Benchmark ParallelStencil & ImplicitGlobalGrid performance on cluster

I am trying to use `ParallelStencil` with `ImplicitGlobalGrid` in order to run in parallel using multithreading as well. I have a working code solving the wave equation and I would like to measure the performance of the code, if it scales etc.

I know there are tools like HPCToolkit, but I haven’t seen any mention of the julia lang there.

Which tool would you suggest to benchmark my code and check performance?

PS: I am running on a cluster with Slurm

1 Like

Hello @svretina As usual I ask can you give us a little background on the work you are doing with Julia.
Will the wallclock time not be sufficient for the scaling parts of your study?

I am currently implementing the wave equation in 3D on a cartesian grid.
My main project involves solving the wave equation but for every grid point I need to perform a 3D quadrature with say at least `11^3` points.

This scales as `5*Ng^3*Nq^3`, where Ng are the grid points per direction and Nq are the quadrature points per direction, and 5 is the number of variables in my state vector. I have implemented threading and I run my code on 80 threads (40 physical threads) and the code is very slow, so I want to further use MPI parallelization to speed up my code. To do so, I just started with the plain wave equation.

edit: my rhs function is non-allocating and I have exhausted what can be sped up currently (up to my knowledge).

edit2: I use finite differences (2nd order) for my derivatives, and I have some conditionals to choose the stencil accordingly, same for boundary conditions.

Hi @svretina . Solving the wave equation in 3D FDTD seems to be an ideal candidate for GPU acceleration (especially if you already written up your application using ParallelStencil and ImplicitGlobalGrid). Now, performance assessment may be different for CPU and GPU and I am mostly familiar with GPU profiling (there you could use Nsight suite from Nvidia…).

3D Waves FDTD make you certainly memory bounded. In this case, I would check you achieve good memcpy values with your implementation (not performing any stencil operation or neighbouring cell access), and then incrementally adding back physics. This would allow you to spot the major bottleneck(s). You could try to assess the effective memory throughput in a similar fashion as proposed here.
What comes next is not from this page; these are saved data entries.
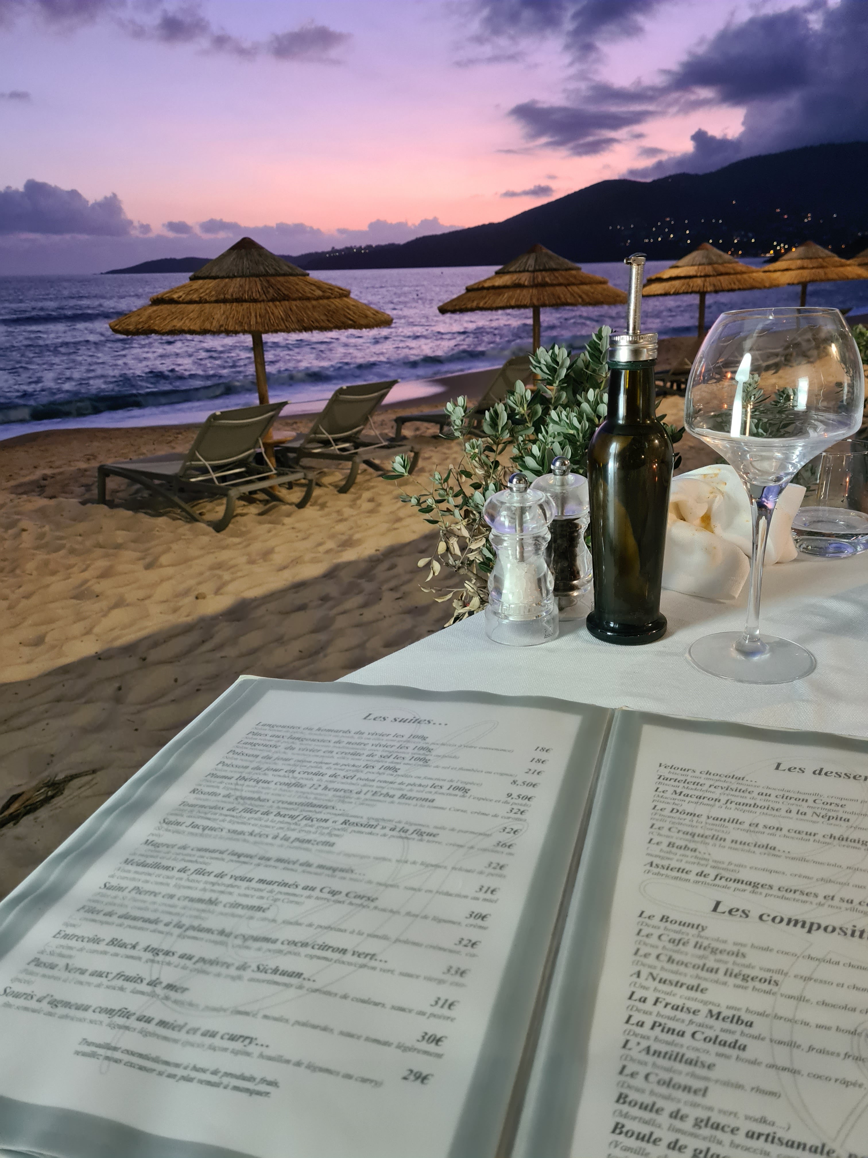 Nous avons reservé avec ma femme et notre enfant de 3 ans pour diner au couché de soleil. Le personnel est trés gentil, le cadre est magnifique et les plats sont delicieux, nous avons pris les menus à 37€ , les plats sont trés qualitatifs et copieux , ils valent largement leur prix Merci pour cet agréable moment!
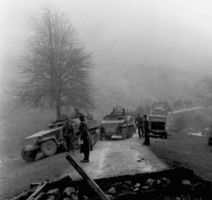 The first battle at Stoumont was a clear victory for the SS, but not maneuvering had only added to the Kampfgruppe's growing fuel supply problems. Unfortunately Peiper did not yet know that the second and larger of the U.S. First Army's depots, with more than 2 million gallons of gasoline, was located near Cour - just north of La Gleize. On December 18th, the only American troops that stood in his way were the HQ Company of the 9th Armored Group: 5 halftracks, 2 assault guns and some Belgian Fusiliers. During the night, 90mm AAA guns and trailer-mounted Maxsons were added to the hastily organized defenses. At about midday on the 19th, a small German reconnaissance patrol of six AFV probed the area.Attacker: German (SS) (Kampfgruppe Peiper)
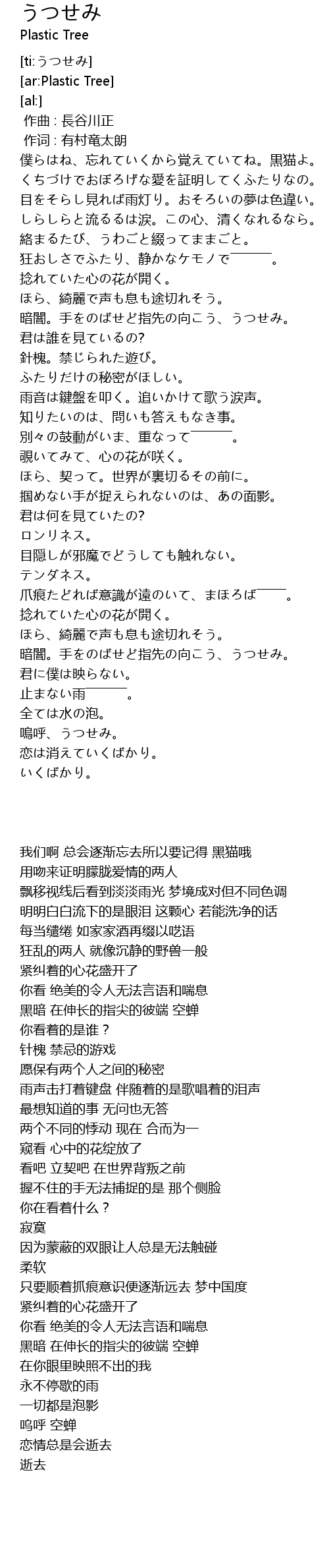 | [04:27.22] | 嗚呼、うつせみ。 |

Note that using hyper threads (80 on 40 physical cores) may often result in less optimal performance. Also, note that ParallelStencil’s `threads` backend is not as optimised as the GPU backends, and we currently don’t implement communication/computation overlap features when combined to ImplicitGlobalGrid for CPU execution.

my main project involves a 3D quadrature for every grid cell. Would that be suitable for a GPU ? At the moment my code has performance issues and memory bounded is not the issue yet.

With `ParallelStencil.jl` even if I put 80 threads, I see the machine running only on the odd threads, so ~40.

What do you mean by that? Is hybrid parallelization not possible for CPU?

The cluster has GPUs but to be honest, I am a bit afraid to go into the GPU realm.

Hi @svretina - seems there are possibly several challenges to be resolved.

For the performance issue, it would be interesting to nail them down. I am not familiar with “3D quadrature”. Taking this out, your FDTD wave equations is most likely memory bound. So one of the first optimisation would be to avoid relying on too many temporary fields and make sure no allocations occur within your time or iteration loop.

The `threads` issue, most likely hyper threading is deactivated on the server.

Is hybrid parallelization not possible for CPU?

What do you mean by hybrid parallelisation? I am referring to the fact that on the GPU, there is the possibility to overlap MPI communication with physics computation in order to “hide” the time spent in updating halo for the distributed memory parallelisation.

As suggested by @johnh , it may be easier to provide further help if you could share a MWE or point to your implementation workflow.

Here: GitHub - svretina/ScalarWave3D.jl you can find my implementation of the 3D wave equation. Note that I have not put in the 3D quadrature step inside my RHS function. This repo is my attempt to use `ParallelStencil.jl` and `ImplicitGlobalGrid.jl`.

My RHS function is non allocating.

By 3D quadrature I mean that I have to calculate a 3D integral for every grid point. This is because I need to project a function onto some basis functions, and this needs to happen at each timestep for every grid point.

By hybrid parallelization I meant to use both MPI and threading for the CPU. I didn’t understand what you meant by overlap, because I am not so experienced with HPC terminology.

If the 3D integral at each timestep is not a dealbreaker for the GPU, then I would be happy to explore this further.

Combining MPI and multi-threading works, but is only useful if you are parallelizing across multiple machines. On a single machine you generally just want to use multi-threading.

hi @Oscar_Smith ,
yes the cluster I have access has multiple nodes to run.